Focus on data quality Data quality - both in terms of completeness and accuracy – is crucial for any statistical analysis in medical research. It is important to get an overview of the structure and quality of data before a statistical evaluation is carried out. The overall goal of mdplot is to identify items, which are suitable for further analysis and which are not or not yet. If a relevant proportion of an important outcome variable is missing, there should be strong efforts on data monitoring to complete the dataset before the evaluation is performed to avoid selection bias. With an appropriate data mining tool data quality problems can be detected at a very early stage and appropriate measures can be taken - both organizational and technical, e.g. specific reports on missing or wrong data. The later shortcomings are detected, the more efforts are required to fill the gaps. Correctness cannot be measured in a domain-independent manner; therefore completeness was chosen as a quantifiable measure for data quality.

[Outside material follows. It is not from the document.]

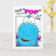 Un Monstre Fuzzy Bleu Whimsical est "Popping" par pour vous souhaiter un Anniversaire Monstrly Fun ! Le Monstre Bleu est un dessin animé dessiné à la main, qui est scanné en format numérique. La carte a un fond blanc avec des lettres noires et roses.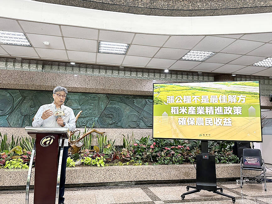 The proposal to hike the base price for the government purchase of rice would increase the government’s annual budget by NT$11.3 billion (US$347.6 million), whereas the ministry’s policy is estimated at NT$2 billion, he said.

The documentation is divided into several sections which are subdivided into item groups. E.g. medical history consists of AF history, symptoms, induction and termination of AF. Most of the documentation is structured to enable statistical evaluation; in addition supplementary free text items (e.g. comments) are provided. Another table provides a systematic documentation of drug therapy. For each medication dosage and time intervals are recorded. Clinical reports can be generated directly from the research database. The family physician gets immediately detailed information about the course of the cardiological therapy. Subjective perceptions of the patient and quality of life are also included. By means of an atrial fibrillation diary frequency and duration of arrhythmic episodes are recorded. An intranet based SF-36 form [14] for assessment of quality of life is collected during each follow-up.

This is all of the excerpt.